EXERCISE PROMPT
Below are the records to retype. Keep every character exactly and leave out the pictures.

DATA Block Start

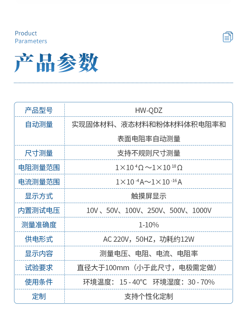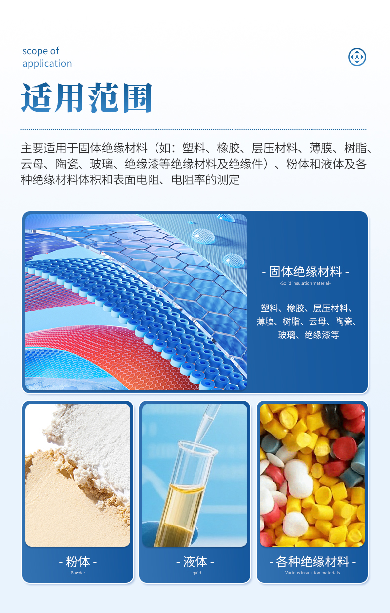 主要适用于固体绝缘材料(如:塑料、橡胶、层压材料、薄膜、树脂、云母、陶瓷、玻璃、绝缘漆等绝缘材料及绝缘件)、粉体和液体及各种绝缘材料体积和表面电阻、电阻率的测定。
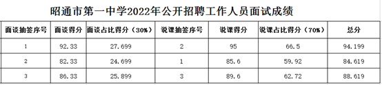 附:昭通市第一中學(xué)2022年公開(kāi)招聘工作人員面試成績(jī)
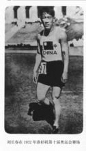 20世纪初外国传教士将现代田径运动带进中国,当时只有在教会创办的学校之间开展田径比赛,http://p7.qhmsg.com/dr/220__/t01b7726a6ba2234517.jpg刘长春在第十届奥运会赛场后来逐渐普及到全国的国立、私立学校。1932年中国首次参加第10届洛杉矶奥运会。当时中国短跑运动员刘长春已具备了世界水平,但由于经费不足,他经过长途跋涉,到达洛杉矶的第3天就参加100米预赛,仅以11秒1的成绩名列小组第5名,未能进入下一轮比赛。在200米比赛中,刘长春跑出了22秒1的好成绩,虽获小组第4名,也未能进入复赛。比赛结束后刘长春没有回国的路费,在当地华侨的捐助下才得以返回祖国。
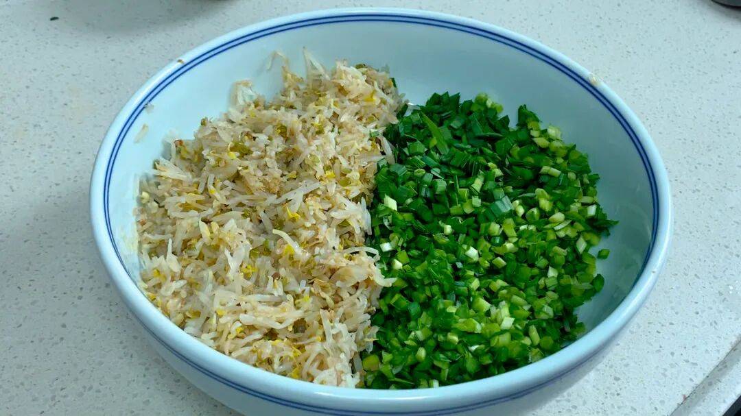 5,韭菜洗净晾干切碎,和绿豆芽放一起,加两圈油搅拌均匀,这样调馅不易出水。
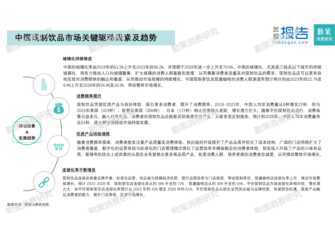 报告解读重点:现制饮品行业发展现状、直营与加盟的优劣势分析、行业竞争性分析、未来发展趋势预测。
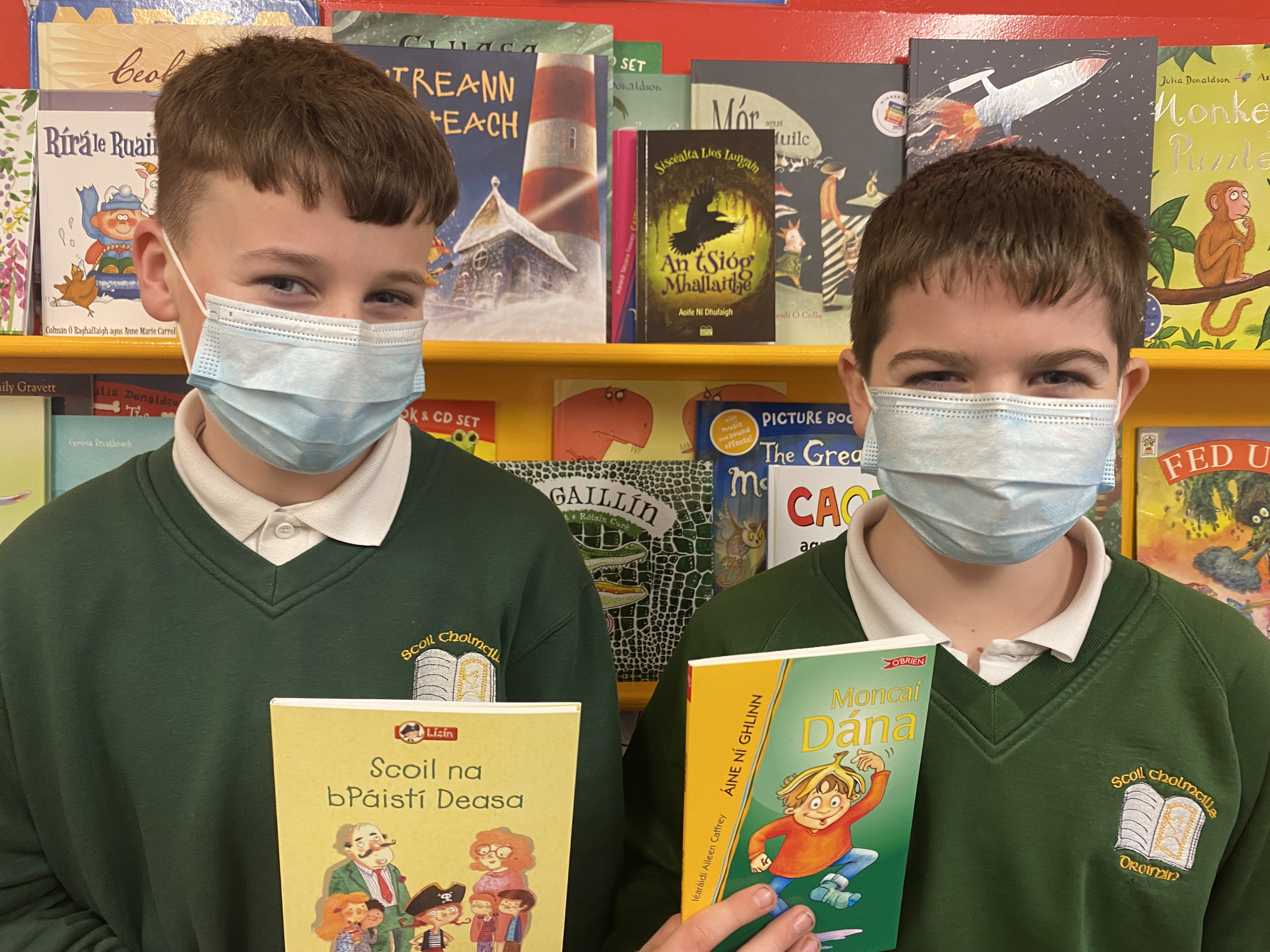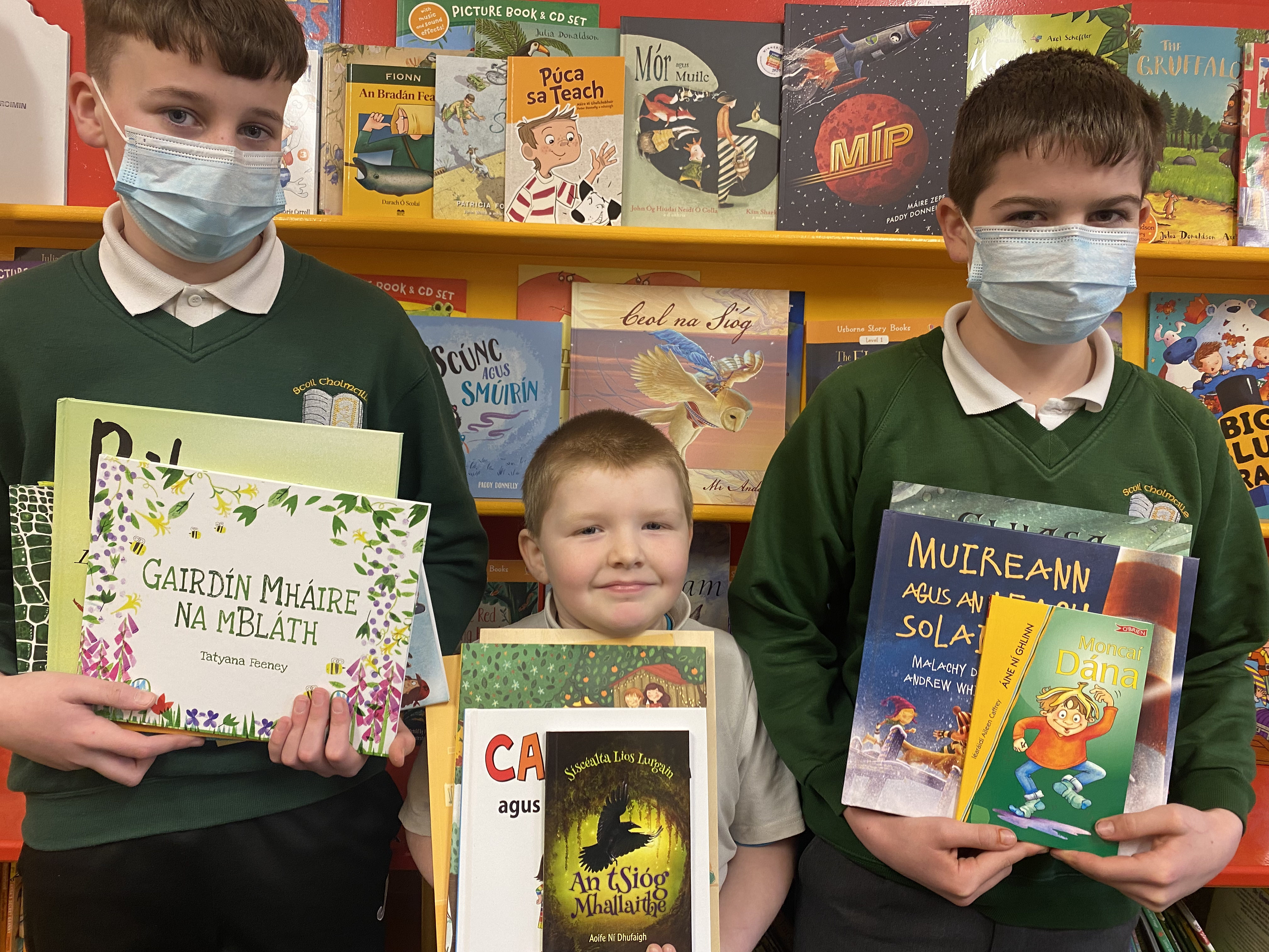 We won a box of 25 excellent Irish language books chosen by Laureate na nÓg Áine Ní Ghlinn. Her overall aim is to encourage children to read as Gaeilge for pleasure.

DATA Block End

REPLY TO THE EXERCISE
 主要适用于固体绝缘材料(如:塑料、橡胶、层压材料、薄膜、树脂、云母、陶瓷、玻璃、绝缘漆等绝缘材料及绝缘件)、粉体和液体及各种绝缘材料体积和表面电阻、电阻率的测定。
 附:昭通市第一中學(xué)2022年公開(kāi)招聘工作人員面試成績(jī)
 20世纪初外国传教士将现代田径运动带进中国,当时只有在教会创办的学校之间开展田径比赛,http://p7.qhmsg.com/dr/220__/t01b7726a6ba2234517.jpg刘长春在第十届奥运会赛场后来逐渐普及到全国的国立、私立学校。1932年中国首次参加第10届洛杉矶奥运会。当时中国短跑运动员刘长春已具备了世界水平,但由于经费不足,他经过长途跋涉,到达洛杉矶的第3天就参加100米预赛,仅以11秒1的成绩名列小组第5名,未能进入下一轮比赛。在200米比赛中,刘长春跑出了22秒1的好成绩,虽获小组第4名,也未能进入复赛。比赛结束后刘长春没有回国的路费,在当地华侨的捐助下才得以返回祖国。
 5,韭菜洗净晾干切碎,和绿豆芽放一起,加两圈油搅拌均匀,这样调馅不易出水。
 报告解读重点:现制饮品行业发展现状、直营与加盟的优劣势分析、行业竞争性分析、未来发展趋势预测。
 We won a box of 25 excellent Irish language books chosen by Laureate na nÓg Áine Ní Ghlinn. Her overall aim is to encourage children to read as Gaeilge for pleasure.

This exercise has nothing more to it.